The records:
>>>>>
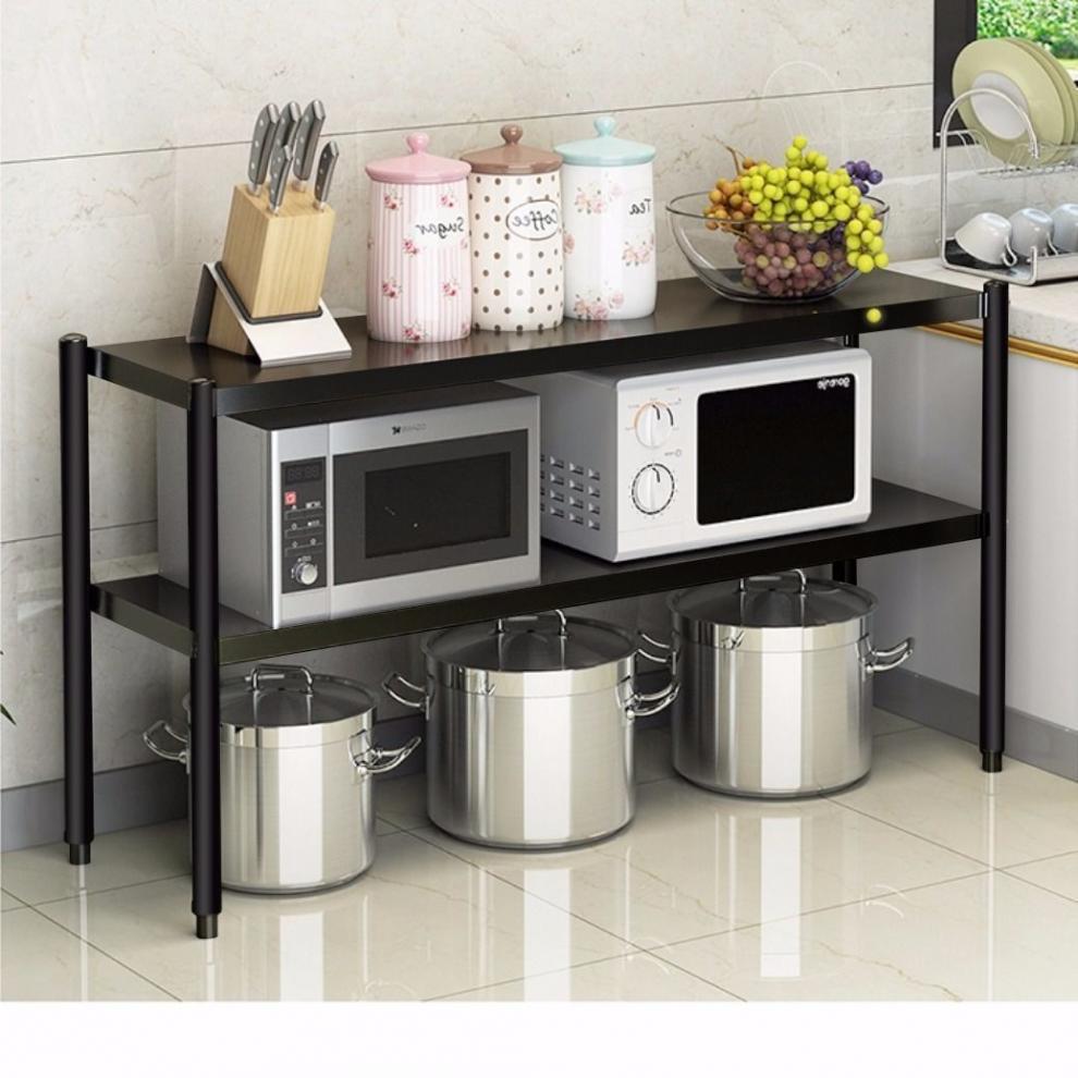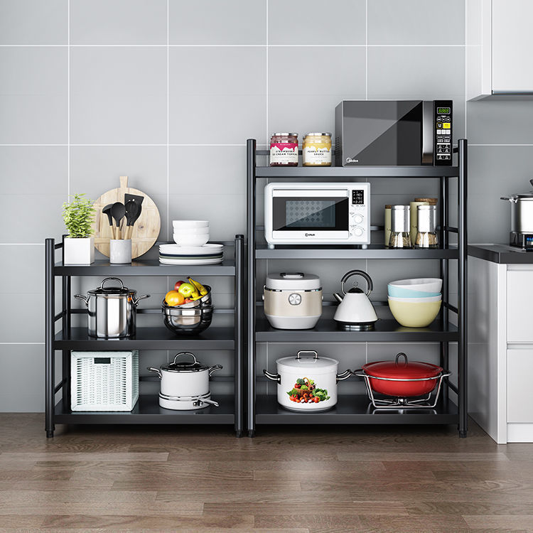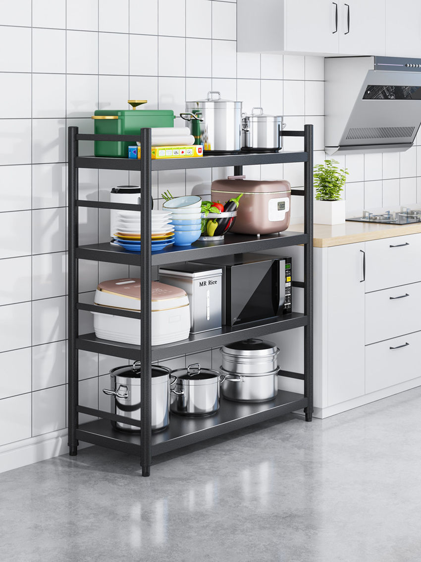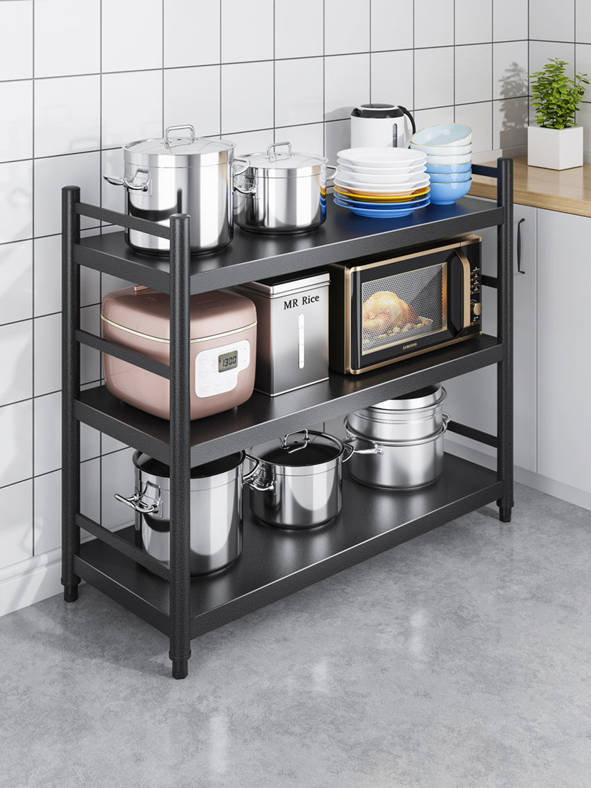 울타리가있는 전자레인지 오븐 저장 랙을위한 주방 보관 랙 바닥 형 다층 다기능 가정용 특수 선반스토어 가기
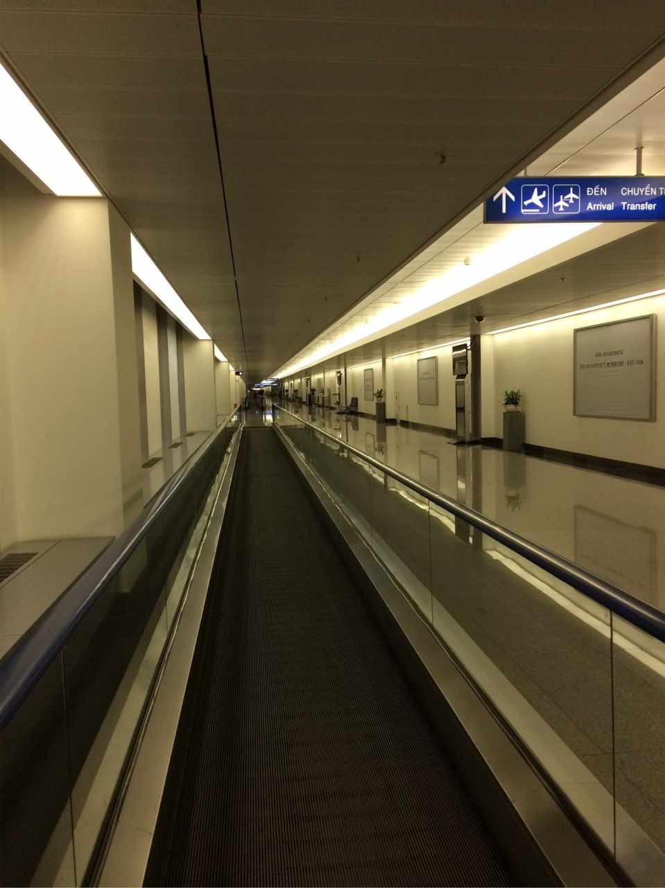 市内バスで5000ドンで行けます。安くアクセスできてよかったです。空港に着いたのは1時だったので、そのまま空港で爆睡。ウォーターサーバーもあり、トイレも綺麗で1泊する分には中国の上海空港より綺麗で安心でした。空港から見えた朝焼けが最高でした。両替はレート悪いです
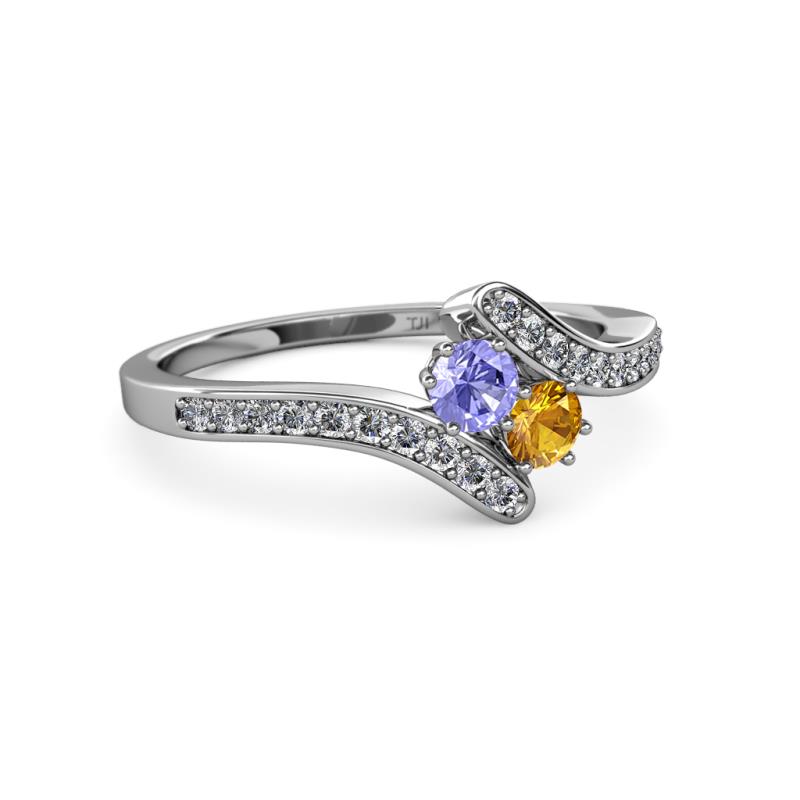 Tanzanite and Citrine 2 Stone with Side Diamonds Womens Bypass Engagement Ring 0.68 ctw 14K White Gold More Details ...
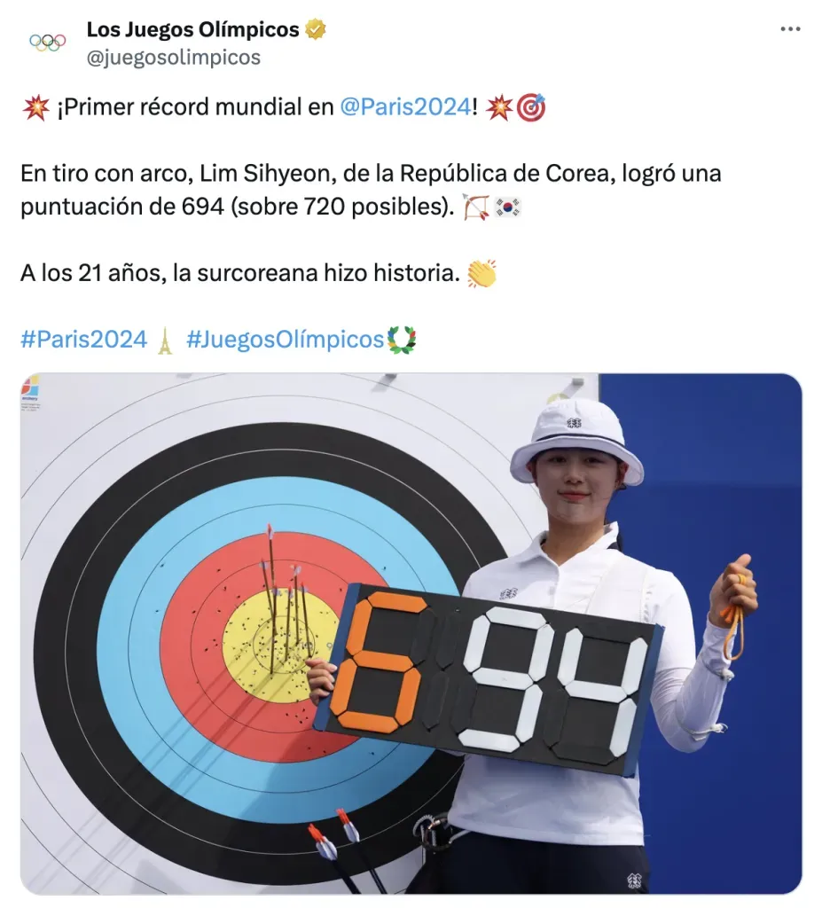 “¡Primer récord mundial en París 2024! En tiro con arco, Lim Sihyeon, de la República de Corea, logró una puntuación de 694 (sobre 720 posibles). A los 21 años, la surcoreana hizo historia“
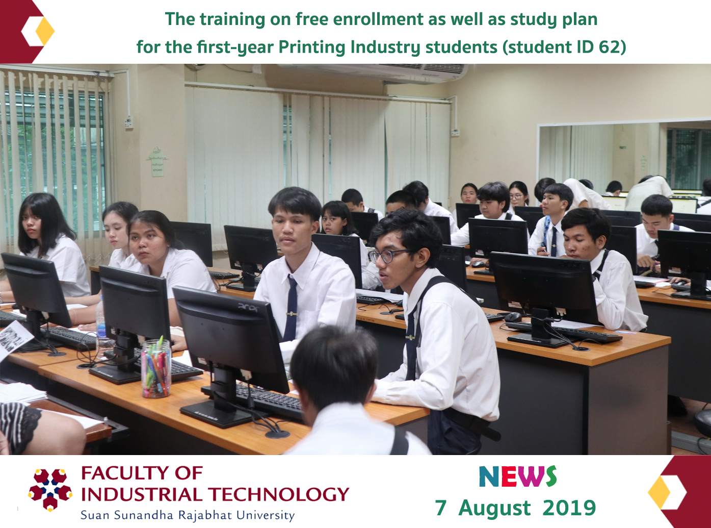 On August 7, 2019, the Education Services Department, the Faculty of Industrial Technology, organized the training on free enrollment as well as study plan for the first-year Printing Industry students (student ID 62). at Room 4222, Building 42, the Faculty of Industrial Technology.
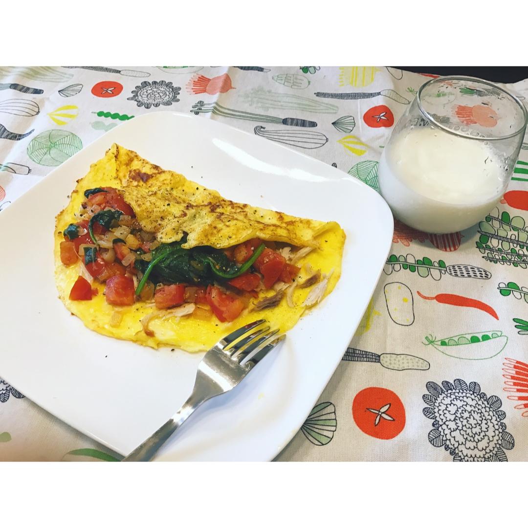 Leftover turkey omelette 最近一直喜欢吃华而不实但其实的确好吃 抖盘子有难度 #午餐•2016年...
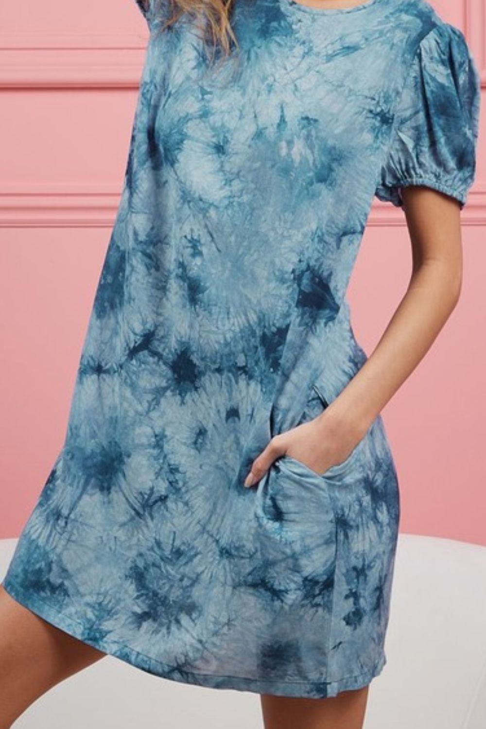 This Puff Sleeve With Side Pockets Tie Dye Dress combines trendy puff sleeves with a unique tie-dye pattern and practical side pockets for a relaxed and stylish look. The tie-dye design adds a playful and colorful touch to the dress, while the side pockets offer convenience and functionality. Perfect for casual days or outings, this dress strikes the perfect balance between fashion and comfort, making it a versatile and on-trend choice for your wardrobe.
<<<<<
What to do: Copy the lines exactly. Start at the line with "Tanzanite and Citrine", end at the last line above, include both, and omit all pictures.

Output:
 Tanzanite and Citrine 2 Stone with Side Diamonds Womens Bypass Engagement Ring 0.68 ctw 14K White Gold More Details ...
 “¡Primer récord mundial en París 2024! En tiro con arco, Lim Sihyeon, de la República de Corea, logró una puntuación de 694 (sobre 720 posibles). A los 21 años, la surcoreana hizo historia“
 On August 7, 2019, the Education Services Department, the Faculty of Industrial Technology, organized the training on free enrollment as well as study plan for the first-year Printing Industry students (student ID 62). at Room 4222, Building 42, the Faculty of Industrial Technology.
 Leftover turkey omelette 最近一直喜欢吃华而不实但其实的确好吃 抖盘子有难度 #午餐•2016年...
 This Puff Sleeve With Side Pockets Tie Dye Dress combines trendy puff sleeves with a unique tie-dye pattern and practical side pockets for a relaxed and stylish look. The tie-dye design adds a playful and colorful touch to the dress, while the side pockets offer convenience and functionality. Perfect for casual days or outings, this dress strikes the perfect balance between fashion and comfort, making it a versatile and on-trend choice for your wardrobe.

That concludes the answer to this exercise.